Friday, five to five here’s your Crackerjack of epiphany.
Fay Reid’s Jobs
Fay E. A. Reid, over on Fay’s Newsletter, has been saying that she is usually in agreement with Robert Reich, another Substacker. I like Mr Reich and I like Ms Reid, but her words “as usual I am in agreement” made me stop and ponder before digesting the rest of her message. Time for a comment.
Hatred is a visceral reaction. It’s like love. You really can’t do much about it. But you can do quite a lot about stopping its effects.
What imbues American society is the all-pervading notion that there is something to be had for nothing. There is a widespread maxim that does the rounds, here in Europe and, I've no doubt, there in the USA, that “there is no such thing as a free lunch.”

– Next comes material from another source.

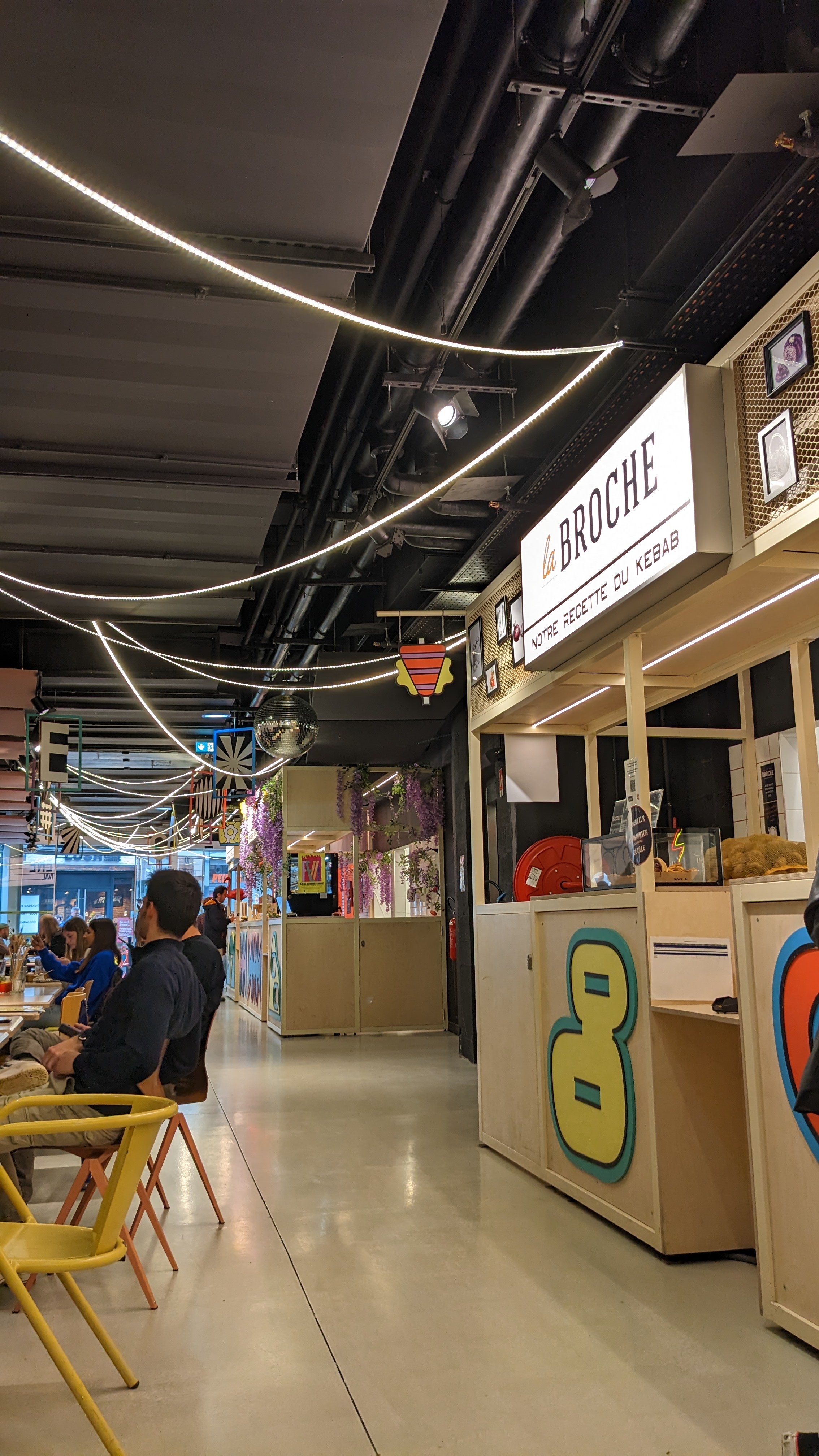 Chacun prend son repas dans le stand/univers qui lui convient et retrouve ses convives à table. C'est le principe de la foire alimentaire / good court des centres commerciaux américains. Bonne ambiance jeune et urbaine.

Well, that is not true. Because Americans have had a lot of free lunches, and most of them come from having invaded and subjected a country that was, in fact, someone else’s. So did mine, Britain, where they’re hauling down statues and renaming roads to forget the honours paid to slave-owners in the past. I recommend the UK should be looking less at street signs and more at its GDP since, ooh, roughly the year 1650, I reckon.

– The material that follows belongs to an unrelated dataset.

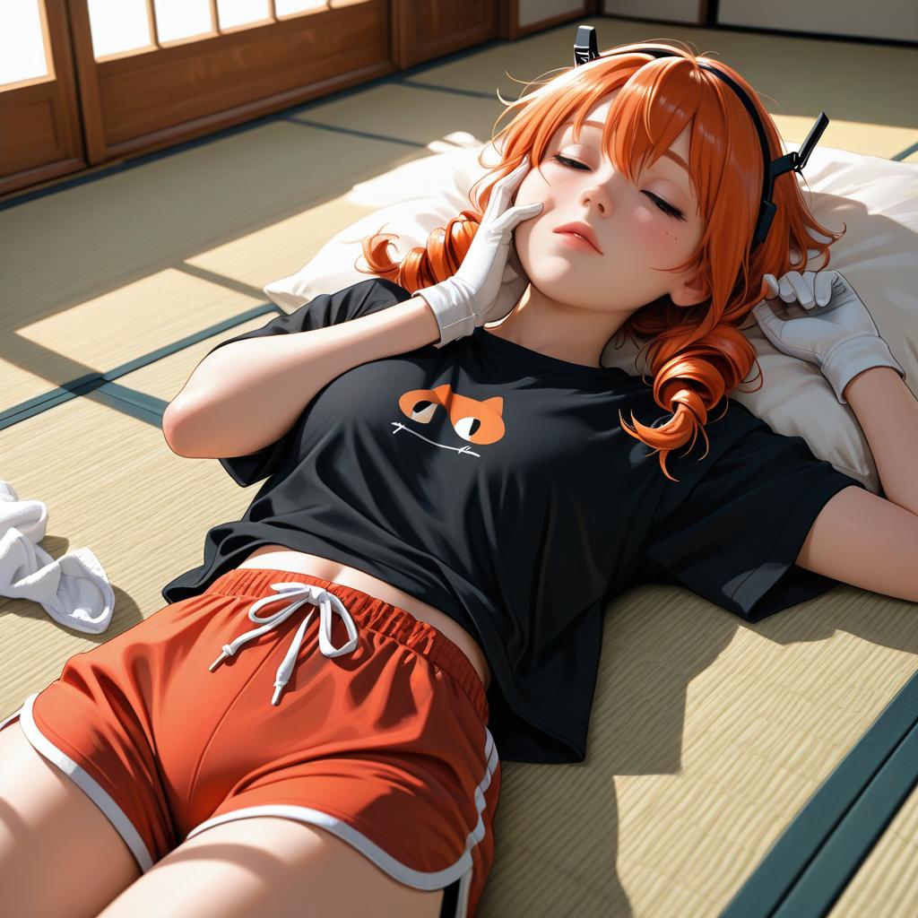 Anime Girl with Orange Hair Sleeping

Anyway, invasion and subjection, not to mention persecution, they are a part of American history; one that, along with importing vast quantities of manual labour from the countries that had fewer bows and arrows, the likes of Mr DeSantis want to draw a very thick veil over. Mr DeSantis is of the school that there is indeed very much a thing as a free lunch, and he is busy booking his free lunches right down to the day he falls from his perch, and he is promising free lunches to anyone who helps him.
The free lunch school (not, nota bene, the free school lunch) may be based on a complete and utter fallacy, for he who pays not the bill at the end of the lunch period may yet be saddled with the full whack of the bill for afternoon tea, but it is nonetheless one that is vastly favoured by those with a vast void in the space that occupies the distance between their left ear and their right ear. Yet the afternoon, yeah, it is far, far off in many people’s minds. Only “lunch” preoccupies them at the moment, and they reason: why, if we managed to get free lunches by nicking the First Nations’ land, and the First Nations’ livelihoods and piggy-backing on the rear-ends of Black imported labour for nigh-on two centuries, and piggy-backing on, quite honestly, anyone who’s been dumb enough to lift us on their backs since Jim Crow was reputedly (ha, ha) put to bed, why, then, should the same philosophy, if philosophy it be, not work to perfection now?
It will work, of that we can be assured. But whether or not it works to perfection remains to be seen.
America’s history has been spattered with the blood of too much “free money” (I learned the phrase from someone in California and have yet to fully understand what the hair-oil it means. Robbery, I reckon). The idea of caring and sharing has been perpetuated in the US only by those who need care and sharing, and it is that, a general absence of the notion that “everyone means every one”, that bogs down libertarian ideals in the US, and that gives Mr DeSantis the fillip to be so utterly callous in his approach to politics.
I wrote recently that there are but 200 sovereign nations on this globe. That means 200 governments. All we need is 200 individuals who are upright, honest, uncorrupt and ready to look at every one as being everyone to make our world perfect. There are 8,000,000,000 of us. And we cannot find 200. And Mr DeSantis certainly ain’t one of them.
Nice piece, but never say “as usual I agree with Mr Reich.” That makes you less of a critic and more of an acolyte. And that’s what Mr DeSantis has. Acolytes.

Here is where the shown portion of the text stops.